There There
Page 15
“So was the curse just that you got sick?”
“That’s what I thought, but now, with everything that’s happened…” She turned and looked to the door. The phone was ringing downstairs. “I should get that,” she said, and stood up to leave. “Get some sleep.”
I stretched and a hard shiver ran through me. I pulled the blankets over my head. This was that part of the fever where you get so cold you gotta sweat to break it. Hot and cold, with sweat shiver running through and over me, I thought about the night that broke through the windows and walls of our house and brought me to the bed I was doing my best to get better in.
* * *
—
Me and my dad had both moved from the couch to the kitchen table for dinner when the bullets came flying through the house. It was like a wall of hot sound and wind. The whole house shook. It was sudden, but it wasn’t unexpected.
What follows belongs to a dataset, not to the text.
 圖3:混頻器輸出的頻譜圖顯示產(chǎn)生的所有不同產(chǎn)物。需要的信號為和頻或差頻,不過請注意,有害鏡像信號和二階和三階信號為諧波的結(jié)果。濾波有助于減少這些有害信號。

My older brother, Junior, and my uncle Sixto had stolen some plants from someone’s basement. They’d come home with two black garbage bags full. Hella stupid. That much weight, like some shit wasn’t tied to it. Sometimes I’d crawl through the living room to get to the kitchen, or watch TV on my stomach on the floor.
That night, whoever got their shit stolen by my stupid-ass brother and uncle, they rolled up on our house and emptied their guns into it, into the life we’d known, the life our mom and dad spent years making from scratch. My dad was the only one to get hit. My mom was in the bathroom, and Junior was in his room at the back of the house. My dad put himself in front of me, blocked the bullets with his body.
* * *
—
Lying in bed wishing for sleep, I didn’t want to but couldn’t help but think of Six. That’s what I used to call him. My uncle Sixto. He called me Eight. I hadn’t really known him growing up, but after my dad died he started to come around a few days every week. Not that we said much to each other. He’d come over and turn on the TV, smoke a blunt, drink. He let me drink with him. Passed me the blunt. I never liked getting high. Shit just made me feel hella nervous, made me think too much about the speed of the beat of my heart—was it too slow, would it stop, or was it too fast, would it fucking attack? I liked to drink though.
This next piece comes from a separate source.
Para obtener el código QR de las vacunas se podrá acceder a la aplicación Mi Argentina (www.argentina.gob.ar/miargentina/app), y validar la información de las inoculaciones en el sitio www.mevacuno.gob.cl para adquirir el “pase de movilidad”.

After the shooting Junior stayed out even more than usual, claimed he was gonna fuck those guys up, that it meant war, but Junior was all talk.
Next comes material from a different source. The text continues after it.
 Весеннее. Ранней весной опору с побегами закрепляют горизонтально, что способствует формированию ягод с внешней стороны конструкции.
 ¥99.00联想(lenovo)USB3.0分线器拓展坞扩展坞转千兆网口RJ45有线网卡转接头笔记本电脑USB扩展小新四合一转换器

Sometimes me and Six would be watching TV in the afternoon, and the sun would come in through one of the bullet holes, one of the ones in the wall, and I could see the fucking dust in the room float in a bullet-hole-shaped ray of light. My mom had replaced the windows and the doors, but she hadn’t bothered to fill the holes in the walls. Hadn’t bothered or didn’t want to.
* * *
—
After a few months, Sixto stopped coming over and Fina told me to spend more time with my cousins Manny and Daniel. Their mom had called Fina to ask for help. That made me wonder if my mom had called Fina to ask for help after my dad died, and was that why Six came over? Fina had a hand in everything. She was the only one trying to keep us all together, keep us all from falling through the holes life opened up out of nowhere like those bullets that ripped through the house that night.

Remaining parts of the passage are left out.